__Work instructions__. Render every line of the data exactly as written, and leave out the pictures.

__Data provided__.
=== Section Start ===

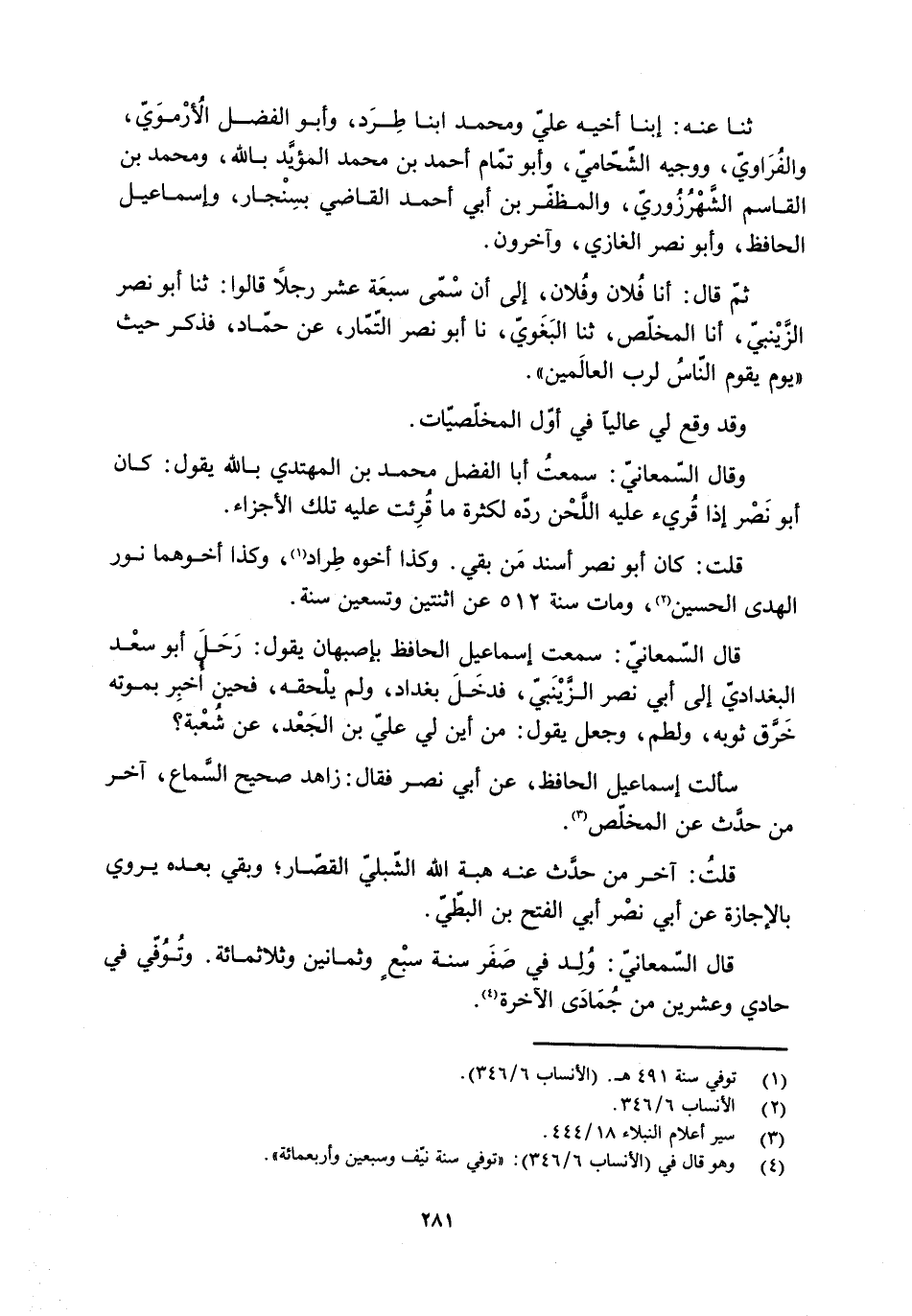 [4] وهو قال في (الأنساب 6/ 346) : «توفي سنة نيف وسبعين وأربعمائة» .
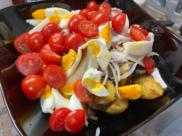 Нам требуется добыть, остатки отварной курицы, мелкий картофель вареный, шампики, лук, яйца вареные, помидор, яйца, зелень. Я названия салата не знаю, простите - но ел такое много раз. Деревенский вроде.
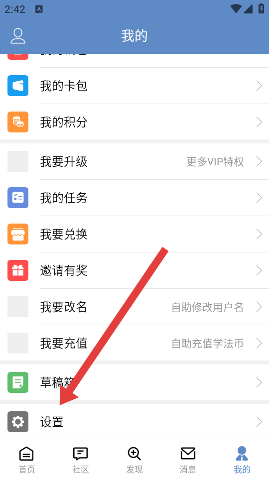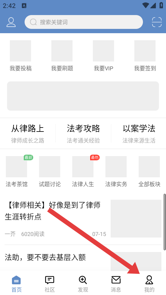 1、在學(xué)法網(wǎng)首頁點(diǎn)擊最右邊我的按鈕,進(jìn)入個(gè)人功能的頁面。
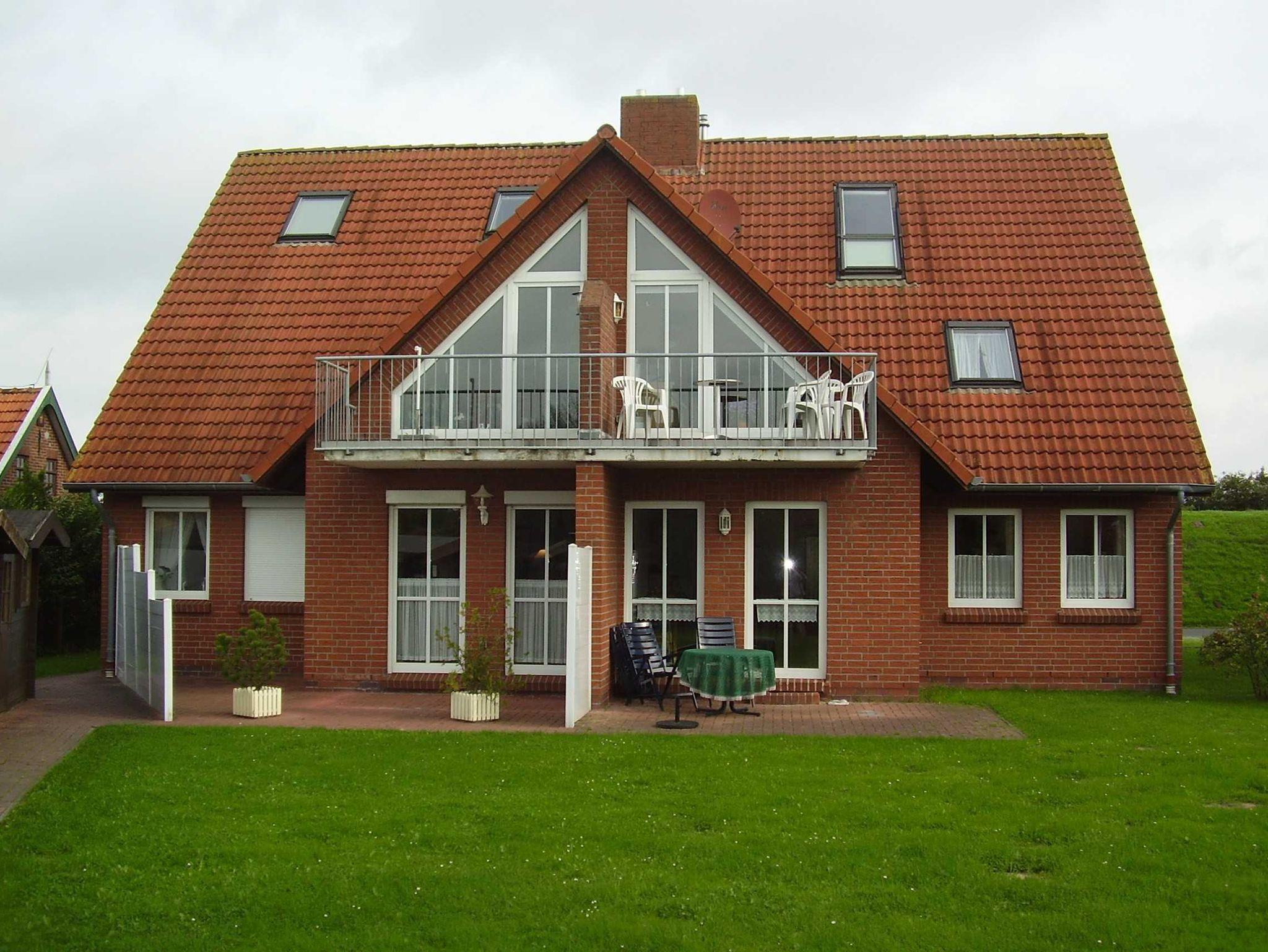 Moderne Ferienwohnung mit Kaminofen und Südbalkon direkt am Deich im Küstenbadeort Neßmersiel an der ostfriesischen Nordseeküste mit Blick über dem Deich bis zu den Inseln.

=== Section End ===

__Answer to the exercise__.
 [4] وهو قال في (الأنساب 6/ 346) : «توفي سنة نيف وسبعين وأربعمائة» .
 Нам требуется добыть, остатки отварной курицы, мелкий картофель вареный, шампики, лук, яйца вареные, помидор, яйца, зелень. Я названия салата не знаю, простите - но ел такое много раз. Деревенский вроде.
 1、在學(xué)法網(wǎng)首頁點(diǎn)擊最右邊我的按鈕,進(jìn)入個(gè)人功能的頁面。
 Moderne Ferienwohnung mit Kaminofen und Südbalkon direkt am Deich im Küstenbadeort Neßmersiel an der ostfriesischen Nordseeküste mit Blick über dem Deich bis zu den Inseln.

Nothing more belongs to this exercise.